» Dataset content:
%%
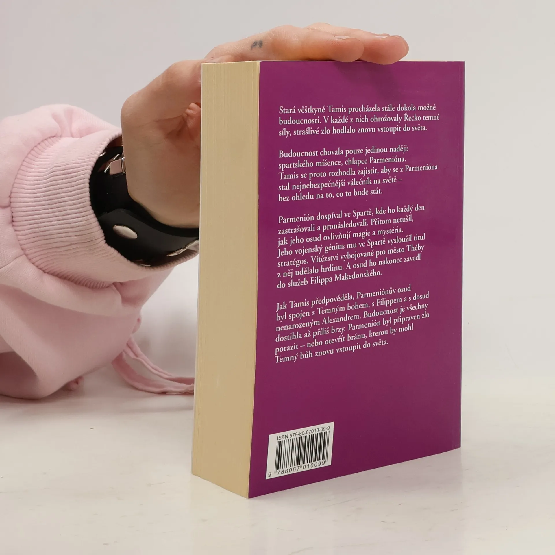 První kniha duologie Lev Makedonský. Stará věštkyně Tamis procházela stále dokola možné budoucnosti. V každé z nich ohrožovaly Řecko temné síly, strašlivé zlo hodlalo znovu vstoupit do světa. Budoucnost chovala pouze jedinou naději: spartského míšence, chlapce Parmenióna. Tamis se proto rozhodla zajistit, aby se z Parmenióna stal nejnebezpečnější válečník na světě - bez ohledu na to, co to bude stát. Parmenión dospíval ve Spartě, kde ho každý den zastrašovali a pronásledovali. Přitom netušil, jak jeho osud ovlivňují magie a mystérie. Jeho vojenský génius mu ve Spartě vysloužil titul stratégos. Vítězství vybojované pro město Théby z něj udělalo hrdinu. A osud ho nakonec zavedl do služeb Filippa Makedonského. Jak Tamis předpověděla, Parmeniónův osud byl spojen s Temným bohem, s Filippem a s dosud nenarozeným Alexandrem. Budoucnost je všechny dostihla až příliš brzy. Parmenión byl připraven zlo porazit - nebo otevřít bránu, kterou by mohl Temný bůh znovu vstoupit do světa. -- zdroj: legie.info --
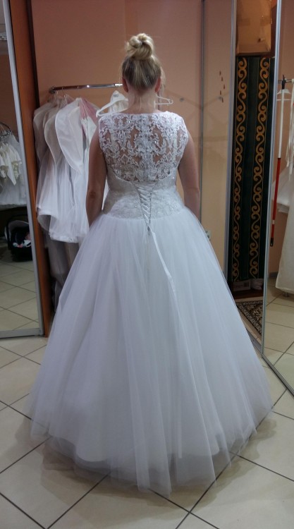 Góra sukni to dopasowana do ciała koronka, która pięknie podkreśla biust. Dół sukni tworzy zwiewny tiul, który pięknie układa się w tańcu.
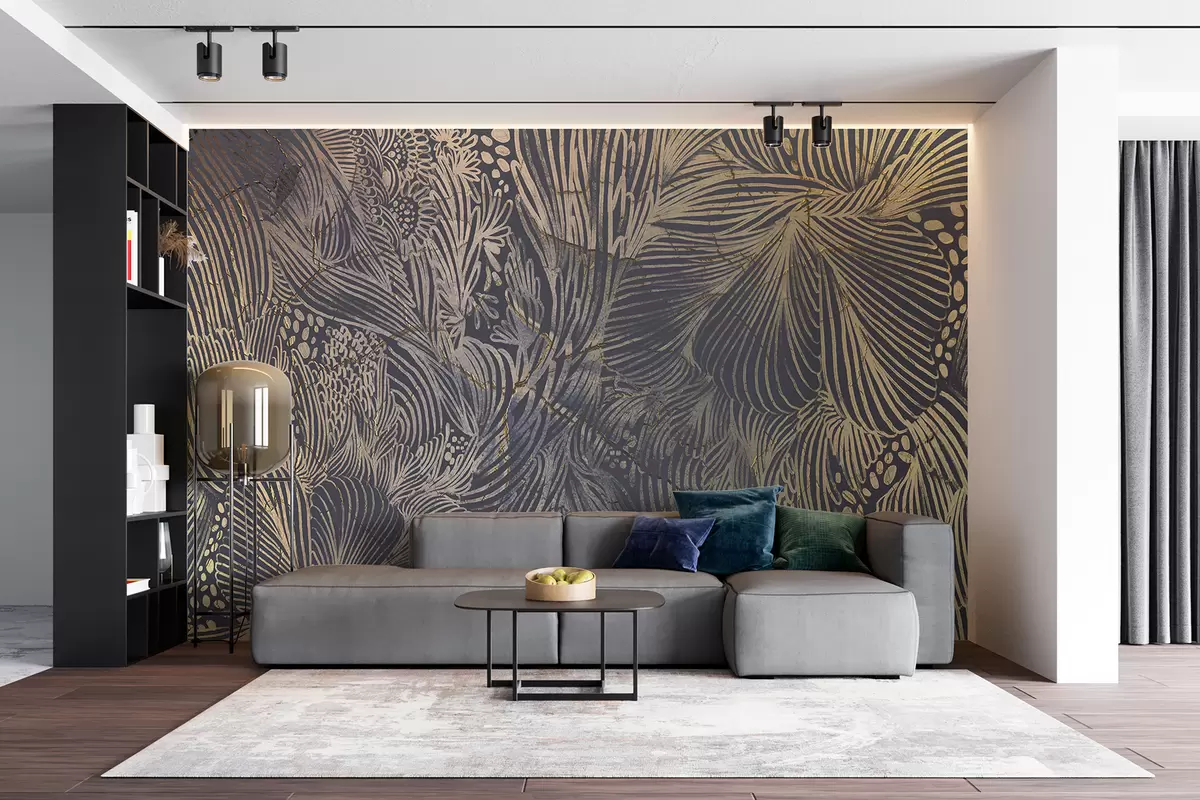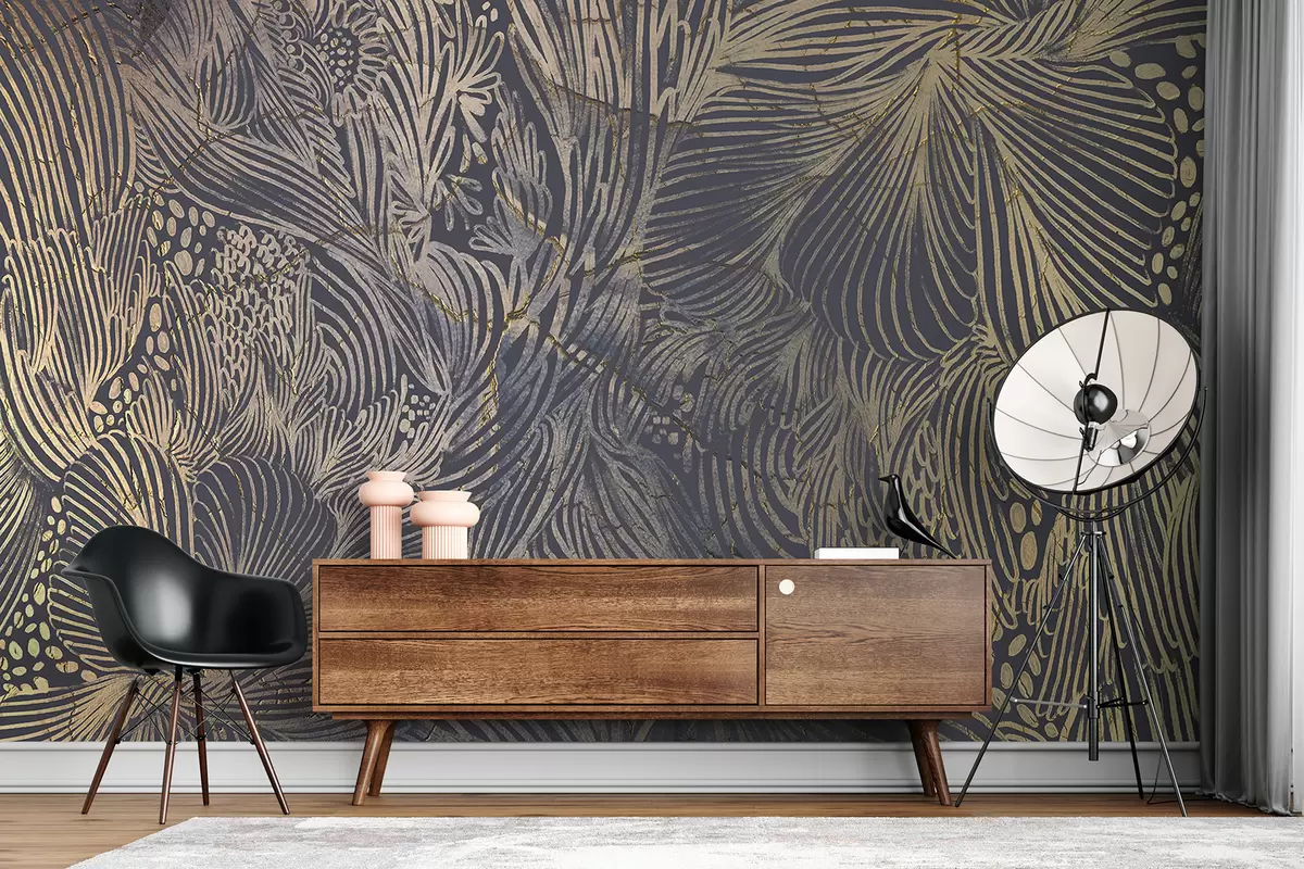 Stenske poslikave Abstraktni teksturirani luksuzni tisk s prekrivajočimi se organskimi oblikami in linijami Št. w01243
%%
» Work instructions:
Down to the last line, set down the data above exactly, and omit all images.

» Expected output:
 První kniha duologie Lev Makedonský. Stará věštkyně Tamis procházela stále dokola možné budoucnosti. V každé z nich ohrožovaly Řecko temné síly, strašlivé zlo hodlalo znovu vstoupit do světa. Budoucnost chovala pouze jedinou naději: spartského míšence, chlapce Parmenióna. Tamis se proto rozhodla zajistit, aby se z Parmenióna stal nejnebezpečnější válečník na světě - bez ohledu na to, co to bude stát. Parmenión dospíval ve Spartě, kde ho každý den zastrašovali a pronásledovali. Přitom netušil, jak jeho osud ovlivňují magie a mystérie. Jeho vojenský génius mu ve Spartě vysloužil titul stratégos. Vítězství vybojované pro město Théby z něj udělalo hrdinu. A osud ho nakonec zavedl do služeb Filippa Makedonského. Jak Tamis předpověděla, Parmeniónův osud byl spojen s Temným bohem, s Filippem a s dosud nenarozeným Alexandrem. Budoucnost je všechny dostihla až příliš brzy. Parmenión byl připraven zlo porazit - nebo otevřít bránu, kterou by mohl Temný bůh znovu vstoupit do světa. -- zdroj: legie.info --
 Góra sukni to dopasowana do ciała koronka, która pięknie podkreśla biust. Dół sukni tworzy zwiewny tiul, który pięknie układa się w tańcu.
 Stenske poslikave Abstraktni teksturirani luksuzni tisk s prekrivajočimi se organskimi oblikami in linijami Št. w01243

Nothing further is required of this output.